Wildwood Missouri

Wildwood, Missouri

This is a lime kiln. It is in Rockwoods Reservation, a Missouri forest and wildlife conservation area in Wildwood, Missouri, just west of St. Louis and north of Route 50.

This kiln was built in the mid-1850s by a businessman who needed powdered lime to use in mortar for houses he was building in the area. It is 20 feet on a side and about 40 feet tall, roughly the height of a four-story building.

The kiln is at the base of a hill and is open at the top so limestone rocks could be dumped into it from above. Openings on the sides allowed firewood to be put inside. Burning the wood produced temperatures reaching 800 degrees Fahrenheit, which broke down the limestone rocks into powdered lime. The arch you can see at the bottom was used to shovel the powdered lime out.

The wood that was burned was harvested near the kiln. This resulted in clear cutting, and the trees you see are part of a second-growth forest.

The vertical line on the wall of the kiln is an expansion joint, allowing the walls to expand and contract as the temperature within changed. The kiln itself was built of the same limestone it rendered. To protect it from the heat, the inside walls were lined with firebrick brought from St. Louis. Firebrick is made from a type of clay, often mixed with minerals. It, too, is produced by firing in a kiln. Firebricks are still used today to help contain molten metals and in other applications.

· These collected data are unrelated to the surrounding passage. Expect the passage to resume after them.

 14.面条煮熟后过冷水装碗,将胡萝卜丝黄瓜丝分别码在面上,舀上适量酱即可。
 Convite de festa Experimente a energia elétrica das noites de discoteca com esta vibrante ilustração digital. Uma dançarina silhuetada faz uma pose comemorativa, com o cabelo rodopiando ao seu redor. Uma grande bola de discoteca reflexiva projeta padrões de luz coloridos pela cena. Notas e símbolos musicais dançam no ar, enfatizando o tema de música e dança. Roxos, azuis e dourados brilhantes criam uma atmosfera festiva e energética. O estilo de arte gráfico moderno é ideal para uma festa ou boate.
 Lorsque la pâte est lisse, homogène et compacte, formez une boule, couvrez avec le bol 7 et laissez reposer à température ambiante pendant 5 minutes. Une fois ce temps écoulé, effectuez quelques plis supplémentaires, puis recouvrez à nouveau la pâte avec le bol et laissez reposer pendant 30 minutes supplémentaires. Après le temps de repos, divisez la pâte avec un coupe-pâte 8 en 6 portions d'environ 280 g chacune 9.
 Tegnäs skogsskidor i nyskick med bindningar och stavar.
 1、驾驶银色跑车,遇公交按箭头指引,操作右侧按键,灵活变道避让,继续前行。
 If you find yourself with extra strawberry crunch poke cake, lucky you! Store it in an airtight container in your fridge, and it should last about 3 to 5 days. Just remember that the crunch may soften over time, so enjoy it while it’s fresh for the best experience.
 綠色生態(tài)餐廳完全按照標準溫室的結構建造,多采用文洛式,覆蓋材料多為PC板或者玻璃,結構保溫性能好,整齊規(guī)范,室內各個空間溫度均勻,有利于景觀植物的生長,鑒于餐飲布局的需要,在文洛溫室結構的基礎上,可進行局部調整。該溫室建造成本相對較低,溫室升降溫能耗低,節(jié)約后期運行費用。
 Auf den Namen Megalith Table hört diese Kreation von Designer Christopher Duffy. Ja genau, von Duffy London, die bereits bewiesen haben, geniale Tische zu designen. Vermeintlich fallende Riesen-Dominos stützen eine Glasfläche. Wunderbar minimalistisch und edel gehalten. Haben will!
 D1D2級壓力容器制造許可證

This kiln is the lone survivor of several that were built in the area at about the same time.

Coloma, California

Gold!

On January 24, 1848, a man named James Marshall discovered gold in what is now the town of Coloma, California. At the time, he wasn’t looking for it.

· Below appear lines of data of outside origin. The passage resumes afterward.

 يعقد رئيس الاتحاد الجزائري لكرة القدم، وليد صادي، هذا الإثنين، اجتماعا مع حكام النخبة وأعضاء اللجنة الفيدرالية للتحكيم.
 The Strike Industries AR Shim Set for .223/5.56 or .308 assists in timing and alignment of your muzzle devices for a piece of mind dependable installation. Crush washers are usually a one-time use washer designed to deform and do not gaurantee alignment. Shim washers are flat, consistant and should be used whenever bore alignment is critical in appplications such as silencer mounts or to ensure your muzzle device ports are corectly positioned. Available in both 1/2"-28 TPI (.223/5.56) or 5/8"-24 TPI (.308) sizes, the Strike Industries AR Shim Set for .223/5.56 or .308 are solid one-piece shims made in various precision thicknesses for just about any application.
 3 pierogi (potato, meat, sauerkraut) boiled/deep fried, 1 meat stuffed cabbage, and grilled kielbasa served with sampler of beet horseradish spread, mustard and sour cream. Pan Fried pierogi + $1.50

Marshall was a business partner of John Sutter, who needed lumber to develop extensive land holdings in what is now California. The deal: Sutter would finance the construction of a sawmill, and Marshall would build it.

The original Sutter’s Mill didn’t last long. It was completely washed away by the South Fork of the American River, which flows just to the left of the photo above.

The mill you see here is a reconstruction, built to the original plans. Marshall placed his mill near the river because it relied on water power to drive its saw. Water was diverted from the river to run through the mill race (the ditch in the foreground). Water pressure turned the water wheel visible at the bottom of the building, which in turn operated a saw on the upper level.

Marshall had trouble getting water to flow freely enough to drive the saw, and so his workers kept digging at the mill race. One day, while inspecting that work, Marshall looked down at the water trickling past his feet and, using only his hand, scooped up some flakes of metal.

What he said on that occasion is known: “Boys, by God I believe I’ve found a gold mine!” The boys were skeptical.

They suspected the presence of iron pyrite, or fool’s gold, so they ran tests. The metal flakes were bent, bitten, hammered with a rock, and, finally, soaked in lye.

The verdict: Gold!

The result, according to the Marshall Gold Discovery State Historic Park, where the mill is located, was “The largest voluntary mass migration of people in history.”

The park, eight miles north of Placerville and Route 50, also features a majestic statue of James Marshall pointing to the spot where he discovered the gold. In real life, he and Sutter likely felt much less than majestic about the whole thing. They both died in poverty.